A whitelist. You choose which character classes to keep (Letters, Digits, Spaces, Punctuation) and every character outside that set is deleted. There is no list of 'bad' characters to remove — anything not explicitly kept is gone.
Will it remove accented characters like é or ü from product names?
No.
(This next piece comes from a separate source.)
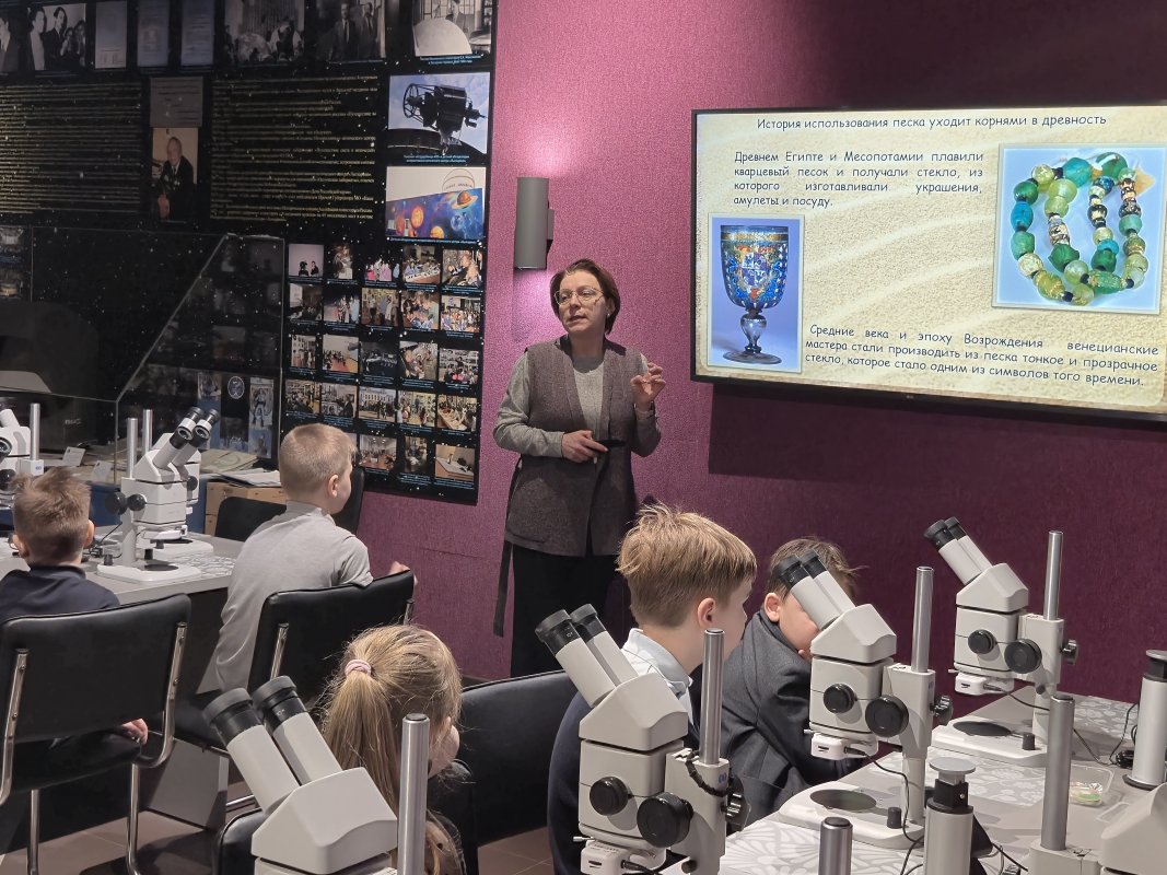 На мастер-классе «По странам и континентам» дети знакомятся с многообразием песка через увлекательный рассказ и практические эксперименты. Ребята рассмотрят разные виды песка под микроскопом, узнают о черных вулканических частицах, белом коралловом песке Мальдив и магнитном песке Камчатки и других не менее интересных образцах. Отдельное внимание уделено месторождению кварцевого песка «Волкуша» в Лыткарино, благодаря которому вырос Лыткаринский завод оптического стекла и сам город.
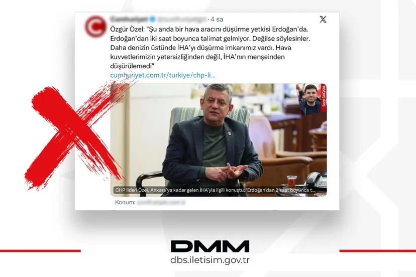 Dezenformasyonla Mücadele Merkezi, 15 Aralık’ta Karadeniz yönünden hava sahamıza yaklaşan bir insansız hava aracının (İHA) düşürülmesine ilişkin bazı basın yayın organlarında yer alan “Cumhurbaşkanlığı talimatıyla düşürüldü” iddialarını yalanladı.

The Letters option uses \p{L}, which matches every Unicode letter including accented Latin and all other scripts. As long as Letters is checked (the default), Café and Müller survive intact.
Does it convert curly quotes to straight quotes?
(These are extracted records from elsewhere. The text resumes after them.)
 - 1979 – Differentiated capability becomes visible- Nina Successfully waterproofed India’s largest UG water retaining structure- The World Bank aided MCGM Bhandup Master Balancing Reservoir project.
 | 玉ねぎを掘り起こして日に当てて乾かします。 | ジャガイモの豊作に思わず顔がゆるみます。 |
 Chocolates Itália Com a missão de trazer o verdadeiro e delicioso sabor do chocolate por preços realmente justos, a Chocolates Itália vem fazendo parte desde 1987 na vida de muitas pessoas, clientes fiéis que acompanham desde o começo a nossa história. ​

No — it deletes them. Curly quotes are not in the kept punctuation set, so “Pro” becomes Pro. For conversion (folding curly to straight) rather than deletion, use the csv-cleaner tool's smart-quote normalisation.
Can I clean only specific columns?
Not in this tool's interface — the strip applies to every column except the header row. If you need column-scoped edits, isolate columns first with csv-column-filter, or use csv-find-replace for targeted changes.
What happens to emoji in titles?
Emoji are removed because they are not letters, digits, spaces, or kept punctuation. Any surrounding spaces remain, so you may end up with a double space where the emoji was — run the whitespace trimmer afterwards.
Does it remove zero-width spaces and BOM bytes?
Yes. Zero-width space (U+200B), the BOM (U+FEFF), and similar invisibles are not in any keep class, so they are deleted. This is the main fix for SKUs that won't match your catalogue.
What file types can I upload?
CSV plus XLSX, XLS, and ODS spreadsheets. Spreadsheets are converted to rows for stripping and downloaded back in the same format; CSV downloads as UTF-8 with a .stripped.csv suffix.
Is the file uploaded anywhere?
No. Parsing and stripping run entirely in your browser via PapaParse. Scraped pricing and product data never leave your machine.
What are the size and row limits?
Free: 2 MB and 500 data rows. Pro: 100 MB and 100,000 rows. Files over the limit are blocked at upload — split or sample them first.
Why did a hyphen in my SKU disappear?
It shouldn't, if Punctuation is checked — the hyphen - is in the kept set. If you unticked Punctuation, hyphens, periods, commas, and slashes are all removed. Re-enable Punctuation for SKU-style data.
Will it fix garbled mojibake like é or €?
No. It may remove some bytes of a mojibake sequence but it cannot reconstruct the original character, and it often leaves a partial mess. Fix encoding at the export step or with csv-cleaner, then strip.
How do I get rid of the double spaces left behind?
Chain the csv-whitespace-trimmer tool after stripping. This stripper deletes characters but never collapses adjacent spaces, so a separate trim pass is the clean way to tidy the output.
Privacy first
Processing runs locally in your browser with PapaParse. No file is uploaded — only metadata counters are saved for signed-in dashboard stats.